Broadband plan would cost €3bn over 25 years

The roll-out of the National Broadband Plan would cost in the region of €3bn, the Taoiseach has said.

Broadband plan would cost €3bn over 25 years

The roll-out of the National Broadband Plan would cost in the region of €3bn, the Taoiseach has said. Leo Varadkar said the Government needed to spend “a little bit more time” before it could bring a decision to Cabinet on the matter.

He revealed the cost, including Vat, contingencies and so on, could be in the region of €3bn, albeit spread over 25 years. However, the benefits must be borne in mind, he said during Leaders’ Questions in the Dail.

“It is 540,000 homes, farms and business and over one million people. It is a huge project of huge scale.

Mr Varadkar said:

We want to do this and to do it right. Before we bring a decision to Cabinet, we want to ensure there is no better alternative.

He was responding to questions from Sinn Féin’s Mary Lou McDonald, who pressed him on other options if the Cabinet decides not to proceed.

“Deputy McDonald asked about plans B, C and D. We are examining all of those because we want to be convinced that the business case, costs and everything else are deliverable, that it is done in accordance with the public spending code, that is being technically reviewed, that international expertise and an outside panel have examined the plan, that all of the alternative ideas being floated are not better and that it cannot be done cheaper or quicker.

“We want to be satisfied with all of those things, make a Cabinet decision and bring the plan before the joint committee and Dáil to allow Members to examine the facts also,” he added.

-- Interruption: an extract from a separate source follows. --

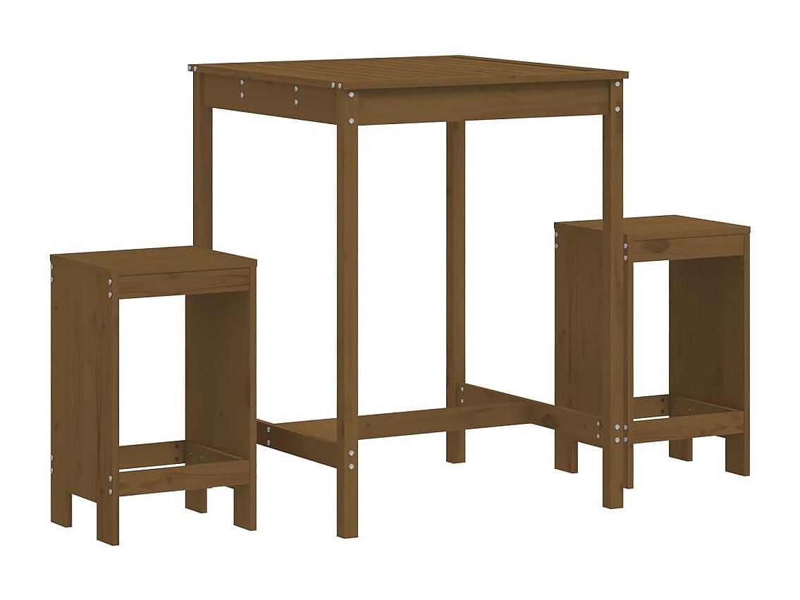 Zeynel Mesa y taburetes altos de jardín 3 pzas madera pino marrón miel

Ms McDonald, however, said the whole process has been marked by delay which has generated massive frustration and impatience right across those rural homes and communities which the Taoiseach described, and now he says he wants more time.

“The Taoiseach challenged me on using the term ‘multiples of the €500m’ but it is the phrase he used himself. He said it would likely cost multiples and, as such, it is his language — not mine. What we want to know now is the final cost,” she said.

It is astonishing that the head of Government would take such a laissez-faire approach to final costings.

Only one bidder remains in the process for the contract to roll out high-speed broadband to more than 500,000 homes across the country.

Fianna Fáil communications spokesman Timmy Dooley said it was extremely negligent to continue the process with just one bidder.

“The obvious outcome has arrived — the Government has backed itself into a corner and the remaining bidder is holding all the cards.

“As the Taoiseach confirmed in the Dáil today, the remaining bidder, a private investment firm operating out of Boston, with limited experience in the Irish market, expects to be paid €3bn of taxpayers’ money to build a €1.5bn network.

“This an appalling betrayal of taxpayers and those citizens who are still waiting for broadband.”